Occurrence and chemistry:

β- Carotene is found in many animal and plant tissues. However, it originates exclusively from plants or microorganisms. Yellow and dark green vegetables and fruits are rich in β-carotene e.g. carrots, spinach, amaranthus, mango, papaya.

Carotenoids are isoprene derivatives. Chemically, they are tetraterpenoids with eight isoprene residues. There are around 400 naturally occurring carotenoids. The most important carotenoids are β-carotene, α-carotene, δ-carotene, lycopene and zeaxanthin.

Carotenoids are mainly used as colouring agents e.g., β-carotene, lycopene, xanthophyll’s. Several foods (cheese, meat, egg products) can be made attractive by coloration. It may be noted that the demand for β-carotene as the pro-vitamin A is comparatively less.

Biosynthesis:

The pathway for the biosynthesis of β-carotene and some other important carotenoids, elucidated in plants and fungi, is shown in Fig. 27.3.

Commercial Production of β-Carotene:

β- Carotene can be produced by microbial fermentation. However, for economic reasons, direct chemical synthesis of vitamin A is preferred rather than using its pro-vitamin (β-carotene).

Microorganisms:

The organisms Blakeslea trispora, Phycomyces blakesleeanus and Choanephora cucurbitarum are most frequently used for the production of β– carotene. Among these, Blakeslea trispora is preferred due to high yield. In the Table 27.3, some important carotenoids, the organisms and the production yields are given.

Production process of β-carotene:

As already stated, the industrial production of β-carotene is mostly carried out by Blakeslea trispora. The fermentation medium contains corn starch, soybean meal, β-ionone, antioxidants etc. Addition of antioxidants improves the stability of β-carotene within the cells. The fermentation is carried out by submerged process.

The fermentation is usually started by mixing the cultures of both sexual forms, (+) and (-) strains of B. trispora. The yield of β-carotene is significantly higher with mixed cultures, compared to + or – strains (Fig. 27.4).

This is due to the fact that β- carotene production predominantly occurs during the process of zygospore formation. It may be stated here that the use of mixed strains does not improve the yield for other microorganisms (as observed in case of Blakeslea trispora).

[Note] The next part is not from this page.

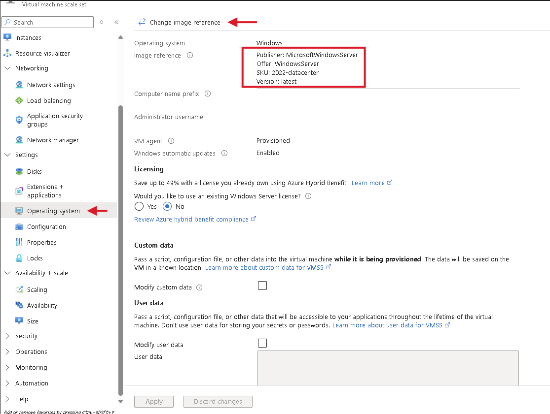 Изменение образа операционной системы набора виртуальных машин пересоздает диски ОС для всех экземпляров виртуальных машин из нового образа. Это изменение означает, что все данные или пользовательские конфигурации, хранящиеся на текущих дисках ОС, теряются после обновления. Перед продолжением убедитесь, что необходимо создать резервную копию любой важной информации.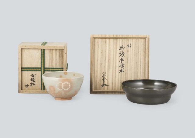 - SUGIMTO Sadamitsu "Tea bowl"/H8.1xW13.5cm, JOYA "Sahari (copper alloy) flat kensui (waste-water jar)"/H5.5xW17.8cm, with konomi kakitsuke by KAWAKAMI Kansetsu, each with tomobako(the box signed by the artist).

Factors affecting production:

Trisporic acid which can act as a microbial sexual hormone improves production yield of β-carotene. β-lonones enhance p-carotene synthesis by increasing the activity of enzymes, and not by their direct incorporation into β-carotene. When the fermentation medium is supplemented with purified kerosene, β-carotene production is almost doubled. Kerosene increases the solubility of hydrophobic substrates.

Recovery:

The mycelium rich in β-carotene can be directly used as a feed additive. For purification, mycelium is removed, subjected to dehydration (by methanol) and extracted in methylene chloride. This product is of 70-85% purity which can be further purified as per the requirements.

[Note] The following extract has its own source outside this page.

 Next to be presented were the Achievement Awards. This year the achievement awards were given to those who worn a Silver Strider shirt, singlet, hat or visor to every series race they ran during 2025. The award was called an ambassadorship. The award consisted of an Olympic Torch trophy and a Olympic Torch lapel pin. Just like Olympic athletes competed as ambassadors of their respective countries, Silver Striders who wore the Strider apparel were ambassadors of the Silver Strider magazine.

Gibberellins — Plant Growth Stimulants:

Gibberellins are plant hormones that stimulate plant growth. They promote growth by cell enlargement and cell division. The observable effects of gibberellins include stimulus to seed germination, flowering and lengthening of stems.

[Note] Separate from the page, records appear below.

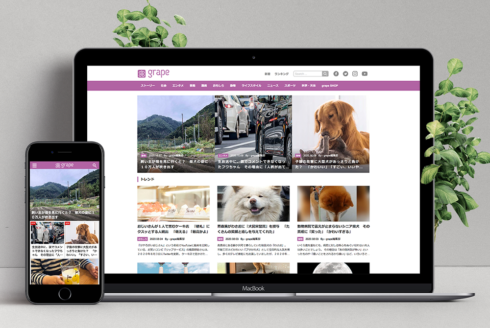 grape読者のボリュームゾーンは30〜40代の女性。動物や子育てにまつわるエピソードや、食品関連のライフハックや豆知識など、日々の暮らしに役立つ情報に関する記事への反応が高く人気を集めている。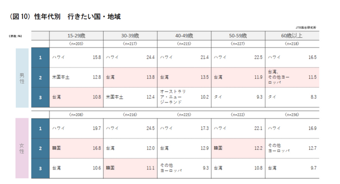2021年2月にJTB総合研究所が発表した「コロナ禍におけるこれからの日本人の海外旅行意識調査」において、性年代別の「海外旅行再開後にまず行きたい国ランキング」のトップ3に韓国がランクインしており、日本人女性における韓国の人気さがデータから伺えます。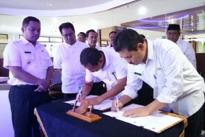 TANGERANG, bantenhariini.com – Bupati Pinrang Andi Aslam Patonangi menyatakan ketertarikannya kepada penggunaan aplikasi Tangerang Live oleh Pemkot Tangerang. Karena itu pihaknya ingin melakukan replikasi penggunaan teknologi informasi di Kota Tangerang untuk pengelolaan wilayah Kabupaten Pinrang. “Kami berterimakasih atas penandatanganan perjanjian kerjasama ini dan ingin segera mengembangkan e-government. Di sana, pengelolaanya masih konvensional,” kata Bupati, usai penandatangan kerjasama di Tangerang Live Room (TLR), Rabu (20/9).

Microbial Production of Gibberellins:

So far only one microorganism, the fungus namely Gibberella fujikuroi has been found to produce gibberellins. This is actually a pathogenic fungus of rice seedlings. Gibberellin production can be carried out by using a glucose-salt medium at pH 7.5 and temperature 25°C for 2-3 days. The fermentation process is conducted in aerated submerged process. After the growth of the fungus is maximum, the production of gibberellins commences.